"Drugs and diseases are characterized in completely different scientific languages," said Todd Golub, director of the Broad Institute of MIT and Harvard's cancer program. And that means that because little is known about the biological states that underlie diseases, the best way to treat them often is elusive, reducing doctors to symptom management.
In a paper in the Sept. 29, 2006, issue of Science, senior author Golub, first author Justin Lamb, and their colleagues at the Broad described a project they hope will be able to describe drugs and diseases in a common language, and so help "establish the relation among diseases, physiological processes, and the action of small-molecule therapeutics," as the authors put it. And two papers published online in Cancer Cell on Sept. 28 show the first practical results of the effort, by connecting drugs to cancers in novel ways.
Gene expression profiling is not new, of course, but Golub and his colleagues wanted to broaden the techniques' horizons, studying the cellular response to a wide variety of what they termed 'perturbagens.'
Given the immense number of cell types, perturbagens, and possible cellular responses that could have been studied, the work is reminiscent of Otto von Bismarck's description of politics as "the art of the possible."
In this case, what was possible was to take four cell lines and treat them with 164 small molecules; The scientists picked the compounds from cell biological categories, such as histone deacetylase inhibitors and estrogen receptor modulators, as well as clinical ones like antidiabetics and antipsychotics.
In each case, the researchers compared the gene expression signature of placebo-treated cells to those treated with a given molecule, and rank-ordered 22,000 genes according to how much their expression levels changed after the treatments.
In some ways, analyzing the data proved trickier than generating it. The researchers developed their own pattern-matching strategy to analyze their signatures; Lamb said that the usual approach, known as hierarchical clustering, would not work because it uses absolute values of gene expression levels, and the team was studying relative values to prevent the drug effects from being completely overpowered by background noise.
The strategy they devised, which they termed Gene Set Enrichment Analysis or GSEA, had the added benefit of not being tied to any technology platform; Lamb said that researchers could compare their own data to the map, which the Broad Institute has made publicly available, regardless of the type of microarrays used.
Even with a custom-made analysis, statistical significance proved surprisingly difficult to pin down.
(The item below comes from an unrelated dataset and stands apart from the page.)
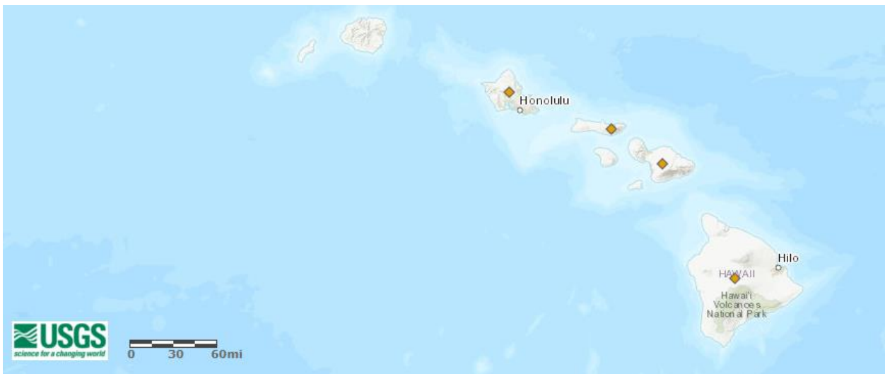
Figure 2. Known distribution of Pila scutata in the United States. Map from Benson (2018). The only confirmed established population is in Oahu (Joshi et al. 2017), so all other locations were excluded from the climate matching analysis.

Lamb said that "we consulted with easily a dozen statisticians, and each of them had a completely different idea," including ideas that were mutually exclusive, about how to generate "p" values from the data. The problem, Lamb said, is that "it's not clear that the multiple samples that we are looking at are truly independent in the statistical sense."
The team ended up settling on a so-called permutation "p" value for their analyses, but also cautioned that "there is no standard approach for estimating the statistical significance of the connections observed."
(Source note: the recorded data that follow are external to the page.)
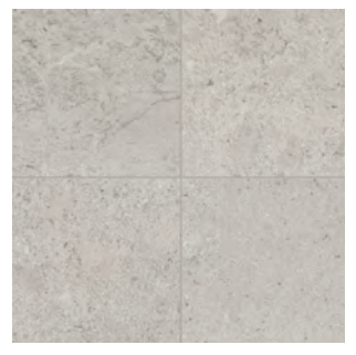
Polished & Honed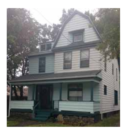
25 Willis: Roof, Gutters and Downspouts, Paint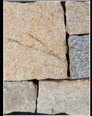
Northwind Sq Strips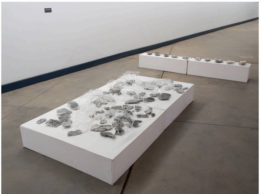
FIGURE N° 2

Willem Boshoff. Ash (2018). Ash wood and mixed mediums. Sizes: 925 x 1850mm.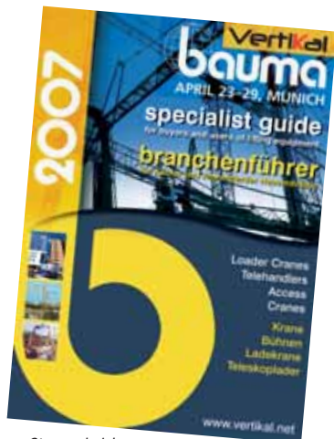
Stop and pick up your copy of Vertical Bauma.

A manufacturer might have a room too many and be willing to turn one over to you and the Munich tourist board has always proved helpful. And of course do not overlook the Bauma website and its official travel agent. Make the effort, you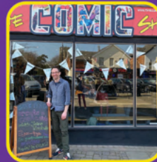
Give it a Go: Comic Book Strip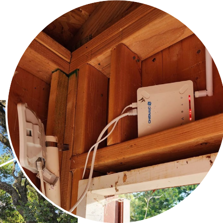
LoRaWAN setup in my well house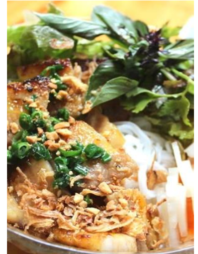
Grilled Pork and Herbs with Rice Vermicelli ¥1,000 烤肉蔬菜拌檬粉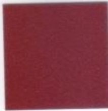
Bromo 2525 YW269I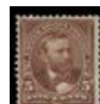
OFFER #22026 #255, LH OUR PRICE $70-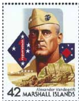
General Alexander Vandegrift. Marshall Islands 2008 (Scott 910h)

the two small neighboring islets, Gavutu and Tanambogo. The force consisted of the amphibious-trained 1st Marine Division commanded by Major-General Alexander A. Vandegrift, and included the 7th Marine Regiment and battalions of the 2nd Marine Regiment. The force landed on August 7 and encountered heavy resistance on Tulagi and the islets. On Guadalcanal they landed on 'Red Beach', on the north coast of the island, where they experienced minimal resistance as the Japanese that were there were mainly laborers. Four Allied heavy cruisers were sunk during the landings – three American ships ( Quincy , Astoria and Vincennes ) and one Australian ( Canberra ).

The team reported a variety of findings they generated by using the map, but when asked about his favorite applications of the map to date, Lamb pointed not to anything in the Science paper, but to the two papers published online in Cancer Cell.
In one paper, the researchers used the map to understand the molecular actions of gedunin, which were basically unknown despite a long history of medicinal use of the compound. The connectivity map suggested that gedunin as well as another compound, celastrol, inhibit androgen receptor mediated signaling. Androgen receptor signaling plays a critical role in the progression of prostate cancer, but there are very few clinically effective inhibitors.
Lamb said the paper illustrated a strength of the connectivity map: the ability to "develop a hypothesis about the mechanism of action of an unknown small molecule" - in the case of gedunin, the connectivity map was able to do that in "literally 10 minutes."
The second Cancer Cell paper identified the immunosuppressant sirolimus (rapamycin) as a therapeutic candidate for overcoming drug resistance to glucocorticoids in acute lymphoblastic leukemia (ALL). The researchers compared samples of drug-sensitive and drug-resistant ALL cells to the connectivity map, and found that the expression profile induced by rapamycin matched that of glucocorticoid-sensitive ALL cells, suggesting that rapamycin might be able to restore such sensitivity to ALL patients. Lamb termed the finding a "double win: Not only have you come up with a hypothesis, but the drug is already FDA-approved," making clinical trials in a new indication that much easier.
Though the connectivity map's uses are not restricted to drug discovery, Lamb said that the team's next priority is to add all FDA-approved drugs to the database.
"In the short term, that looks like a sweet spot to us," he said.